▸ Goal of the exercise
Please write out only the lines from the line with "Situación sinóptica correspondiente" to the line with "この大神宮から城山方向に向か", inclusive, exactly as they stand below, without the pictures.
[[ Records shown open ]]
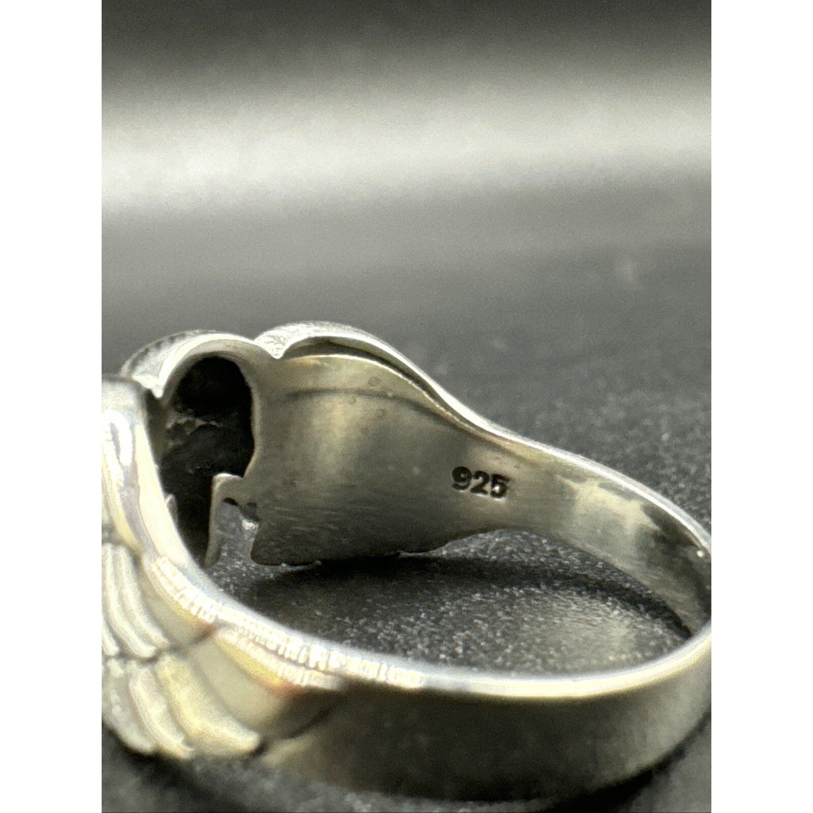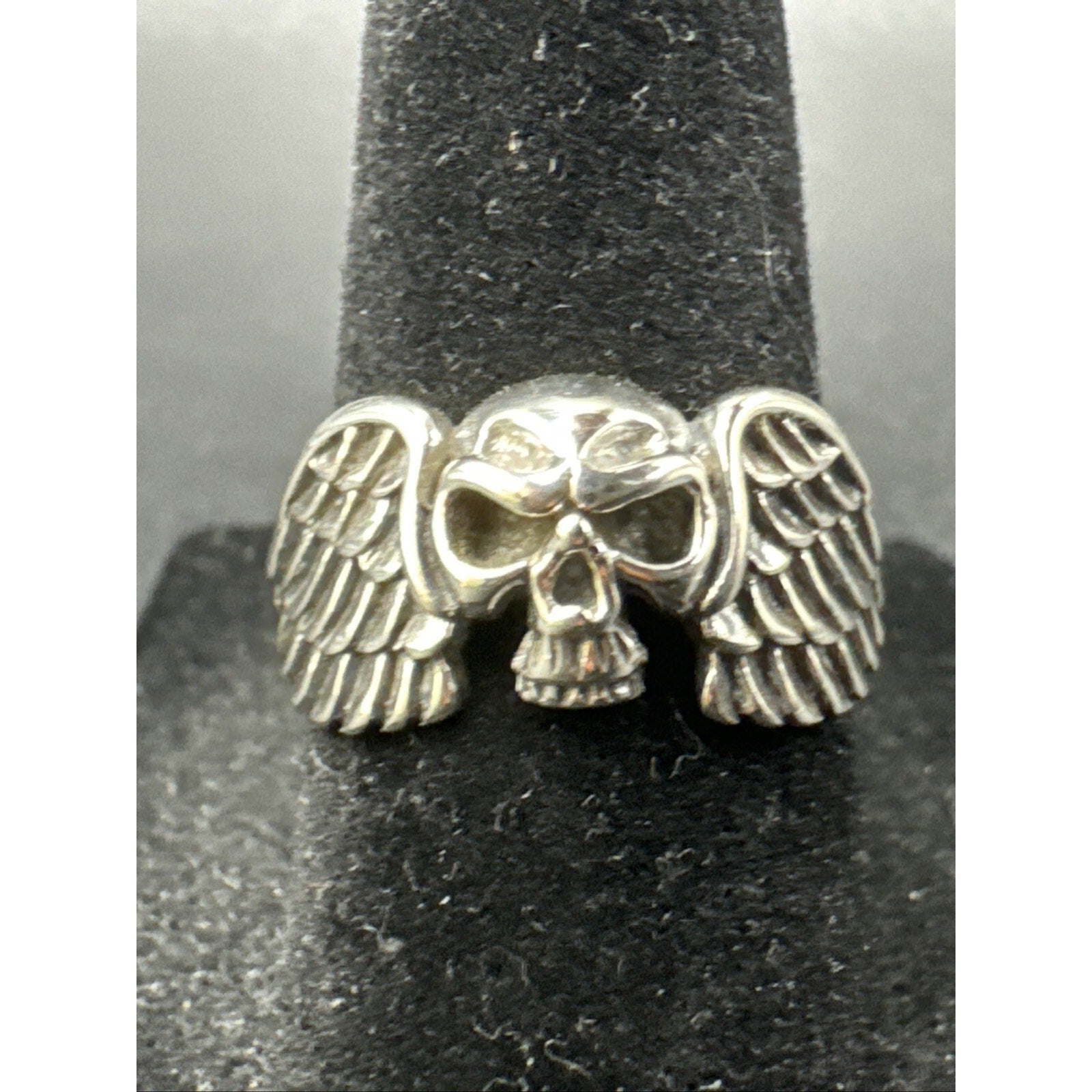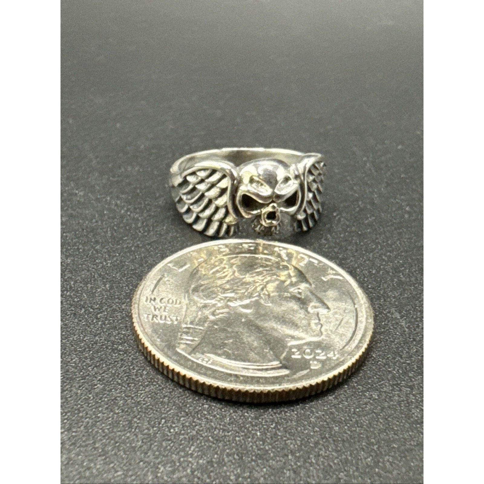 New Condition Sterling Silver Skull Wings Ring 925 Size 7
[[ Records shown closed ]]
[[ Records shown open ]]
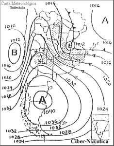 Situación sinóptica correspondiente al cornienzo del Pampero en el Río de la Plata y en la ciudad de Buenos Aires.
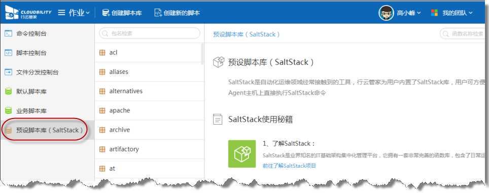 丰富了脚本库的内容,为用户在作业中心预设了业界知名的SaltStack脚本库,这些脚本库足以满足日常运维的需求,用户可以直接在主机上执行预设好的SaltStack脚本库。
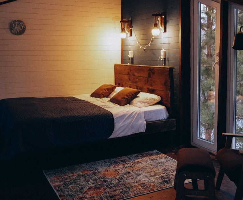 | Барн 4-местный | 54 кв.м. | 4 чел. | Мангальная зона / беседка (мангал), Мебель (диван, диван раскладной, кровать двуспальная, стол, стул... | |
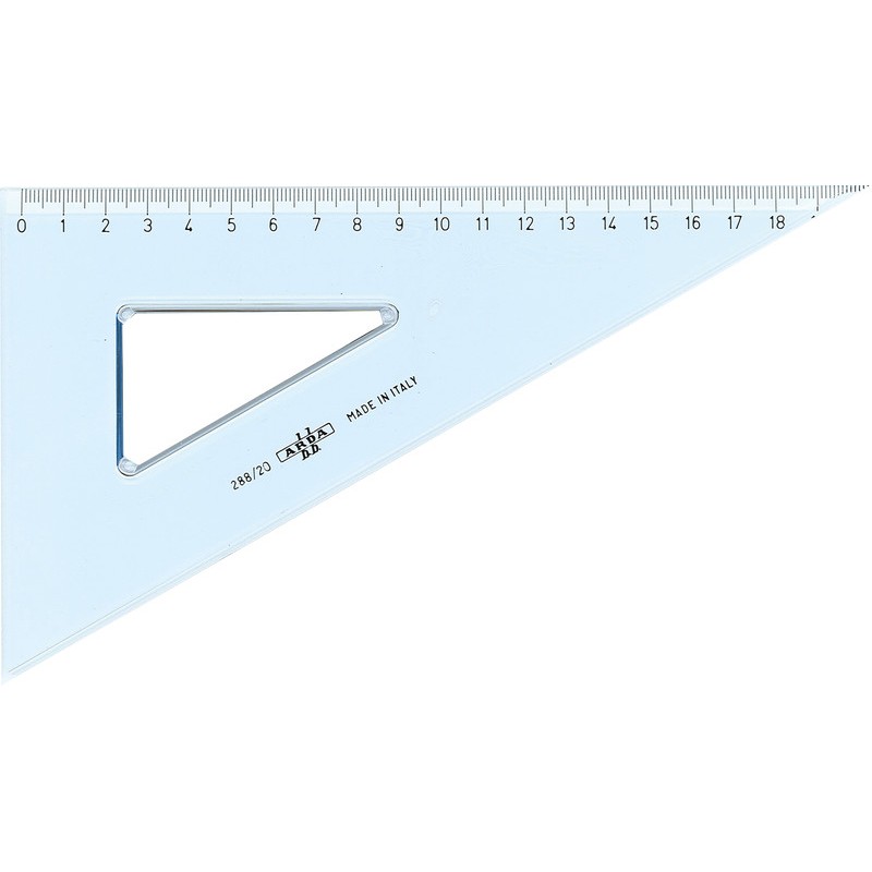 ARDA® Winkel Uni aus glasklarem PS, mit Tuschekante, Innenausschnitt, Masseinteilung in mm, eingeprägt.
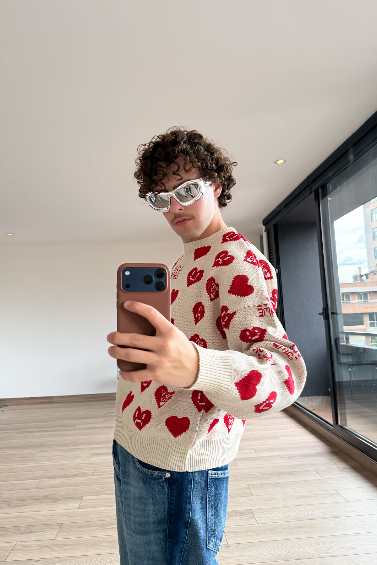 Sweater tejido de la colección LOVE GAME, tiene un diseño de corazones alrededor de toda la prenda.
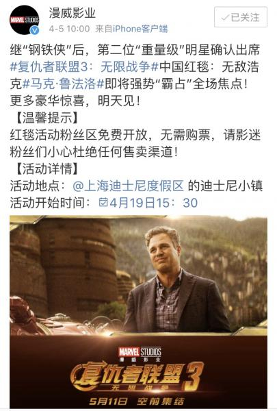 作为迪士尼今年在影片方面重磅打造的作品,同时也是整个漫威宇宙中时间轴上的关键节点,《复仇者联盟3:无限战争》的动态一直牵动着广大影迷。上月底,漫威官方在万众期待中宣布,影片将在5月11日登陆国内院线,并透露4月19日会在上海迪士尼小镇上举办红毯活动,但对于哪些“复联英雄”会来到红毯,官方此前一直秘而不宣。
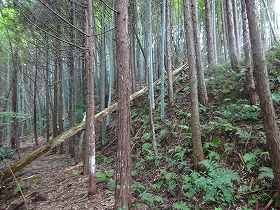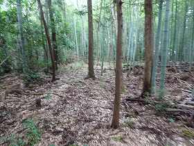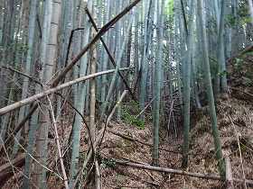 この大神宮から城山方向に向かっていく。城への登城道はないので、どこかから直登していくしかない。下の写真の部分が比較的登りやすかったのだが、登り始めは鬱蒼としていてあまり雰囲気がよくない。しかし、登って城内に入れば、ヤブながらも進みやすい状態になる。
[[ Records shown closed ]]
▸ Answer to this task
 Situación sinóptica correspondiente al cornienzo del Pampero en el Río de la Plata y en la ciudad de Buenos Aires.
 丰富了脚本库的内容,为用户在作业中心预设了业界知名的SaltStack脚本库,这些脚本库足以满足日常运维的需求,用户可以直接在主机上执行预设好的SaltStack脚本库。
 | Барн 4-местный | 54 кв.м. | 4 чел. | Мангальная зона / беседка (мангал), Мебель (диван, диван раскладной, кровать двуспальная, стол, стул... | |
 ARDA® Winkel Uni aus glasklarem PS, mit Tuschekante, Innenausschnitt, Masseinteilung in mm, eingeprägt.
 Sweater tejido de la colección LOVE GAME, tiene un diseño de corazones alrededor de toda la prenda.
 作为迪士尼今年在影片方面重磅打造的作品,同时也是整个漫威宇宙中时间轴上的关键节点,《复仇者联盟3:无限战争》的动态一直牵动着广大影迷。上月底,漫威官方在万众期待中宣布,影片将在5月11日登陆国内院线,并透露4月19日会在上海迪士尼小镇上举办红毯活动,但对于哪些“复联英雄”会来到红毯,官方此前一直秘而不宣。
 この大神宮から城山方向に向かっていく。城への登城道はないので、どこかから直登していくしかない。下の写真の部分が比較的登りやすかったのだが、登り始めは鬱蒼としていてあまり雰囲気がよくない。しかし、登って城内に入れば、ヤブながらも進みやすい状態になる。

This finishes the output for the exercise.